Start of Block

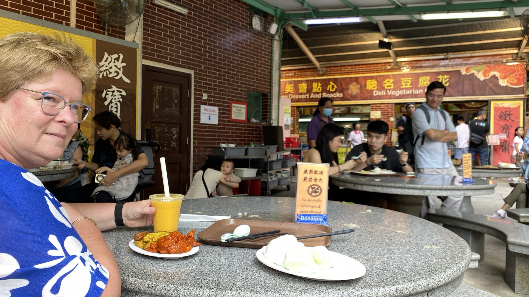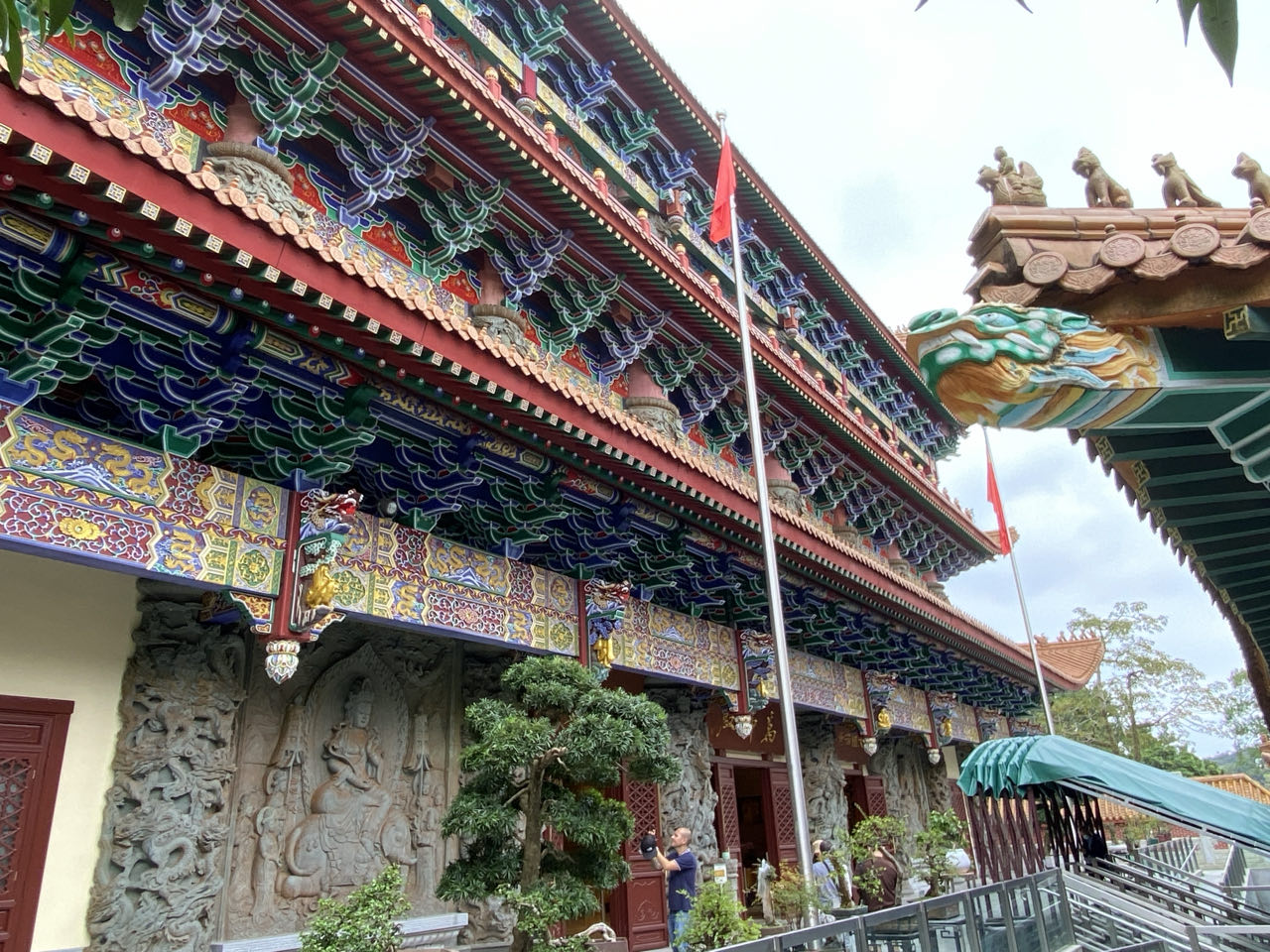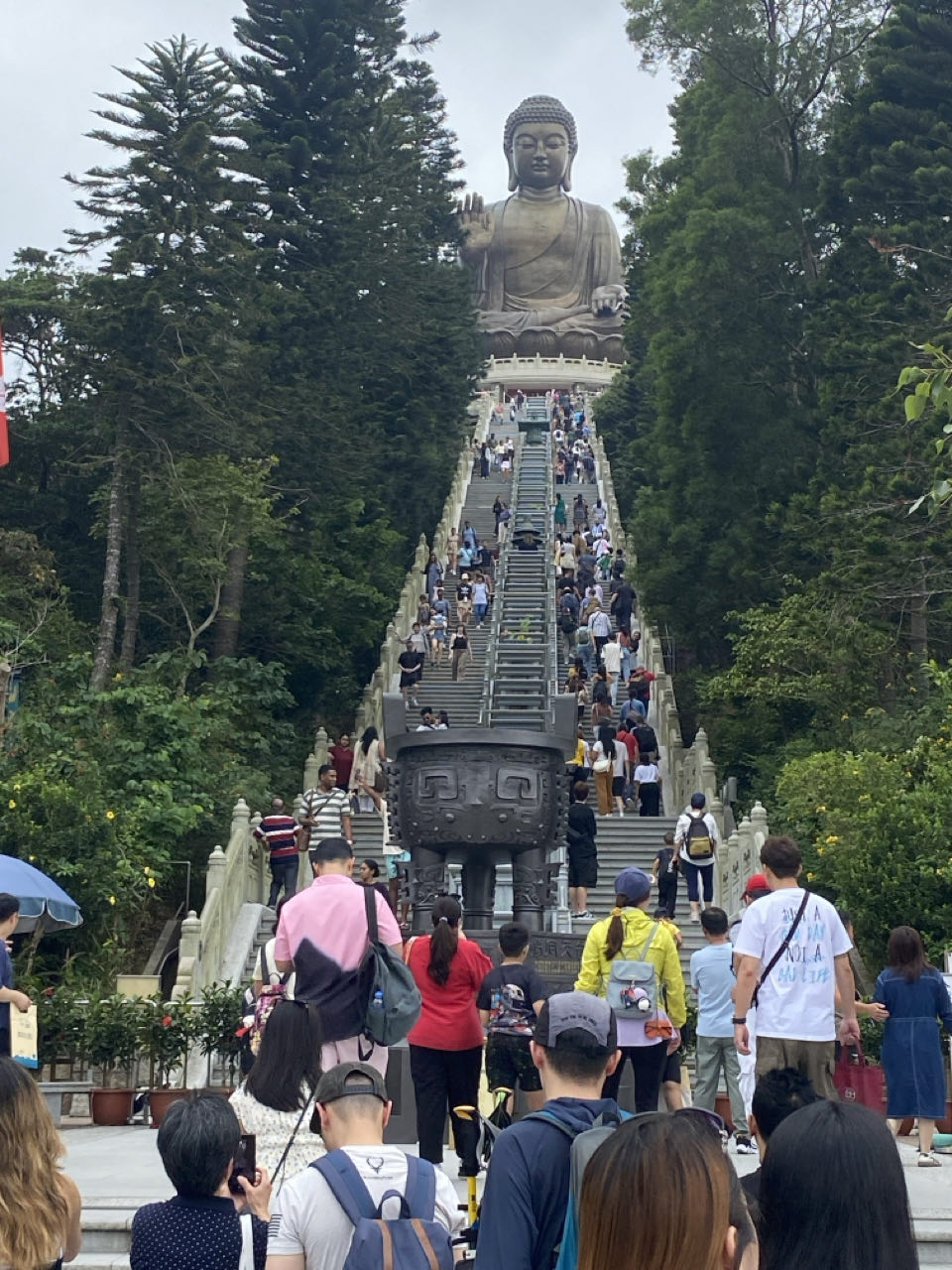 Meer mensen hebben bedacht de 6 km lange cable car rit te maken. Er staat een rij van ruim 300 meter. Dus pakken we de bus. Pakken we wel 'een extra eitjeslift' op wintersport. Bij de Big Buddha lopen we ook even naar het boeddhistische klooster en nemen we wat te eten bij het vegetarische café. Maar we vinden het echt niet lekker, wel goed voor de lijn. De bordjes gaan bijna vol terug.
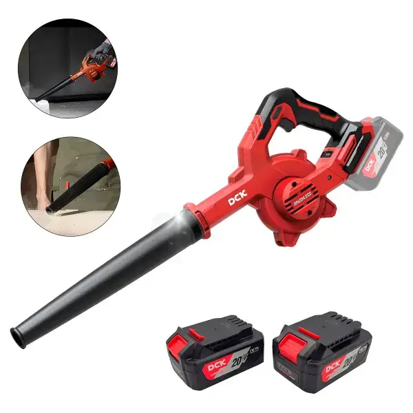 O soprador-aspirador KDQF32-BM6 a bateria 380W com motor brushless é o removedor 2-em-1 portátil para poeira fina, folhas leves e detritos em oficinas serralheria, garagens e quintais pequenos, alternando sopro (13000 RPM, 2,3m³/min) e vácuo com saco coletor sem fios limitantes em áreas de difícil acesso. Bateria 21V 2000mAh recarregável em 1h suporta 25-35min contínuos, com tubo extensível/bocais que limpam bancadas, teclados, interiores automotivos e cantos de solda sem gerar poeira secundária. Design ergonômico 1,2kg em ABS antichoque resiste quedas de 1m em canteiros, com velocidade variável e trava contínua para uso prolongado em limpezas diárias sem fadiga.
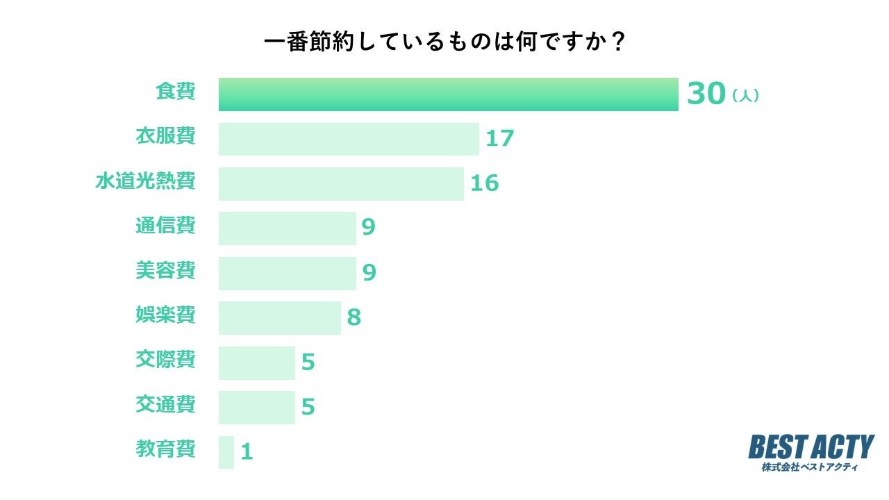 アンケートの結果、「食費」と答える人が最も多い結果となりました。
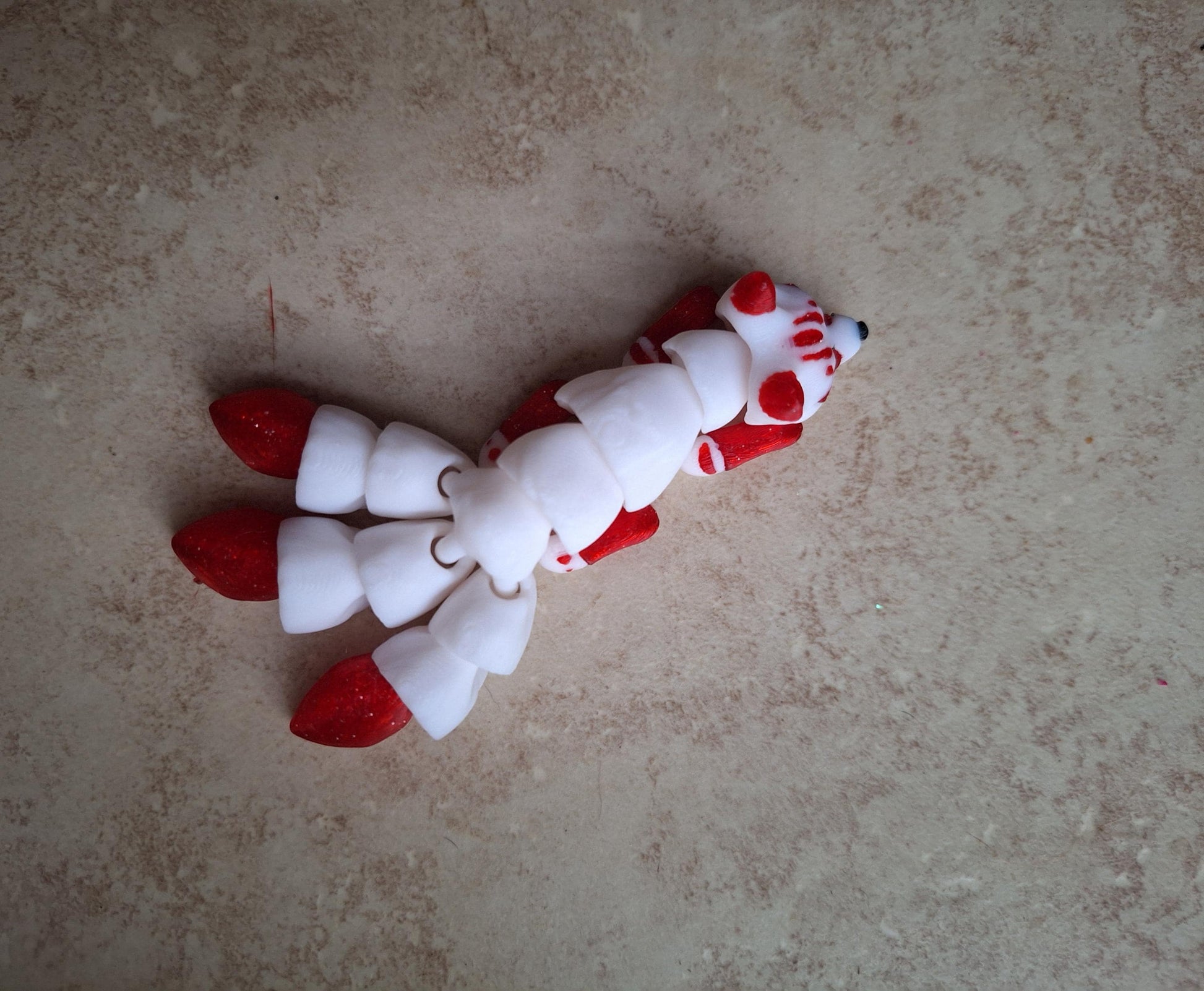 3D articulated red blue baby kitsune fox straw topper cap / 3d printed kitsune / 3d printed animals figurine knick knack Fidget

End of Block

__Instructions to follow__: The answer is the listing above repeated verbatim, minus its images.

__Exercise solution__:
 Meer mensen hebben bedacht de 6 km lange cable car rit te maken. Er staat een rij van ruim 300 meter. Dus pakken we de bus. Pakken we wel 'een extra eitjeslift' op wintersport. Bij de Big Buddha lopen we ook even naar het boeddhistische klooster en nemen we wat te eten bij het vegetarische café. Maar we vinden het echt niet lekker, wel goed voor de lijn. De bordjes gaan bijna vol terug.
 O soprador-aspirador KDQF32-BM6 a bateria 380W com motor brushless é o removedor 2-em-1 portátil para poeira fina, folhas leves e detritos em oficinas serralheria, garagens e quintais pequenos, alternando sopro (13000 RPM, 2,3m³/min) e vácuo com saco coletor sem fios limitantes em áreas de difícil acesso. Bateria 21V 2000mAh recarregável em 1h suporta 25-35min contínuos, com tubo extensível/bocais que limpam bancadas, teclados, interiores automotivos e cantos de solda sem gerar poeira secundária. Design ergonômico 1,2kg em ABS antichoque resiste quedas de 1m em canteiros, com velocidade variável e trava contínua para uso prolongado em limpezas diárias sem fadiga.
 アンケートの結果、「食費」と答える人が最も多い結果となりました。
 3D articulated red blue baby kitsune fox straw topper cap / 3d printed kitsune / 3d printed animals figurine knick knack Fidget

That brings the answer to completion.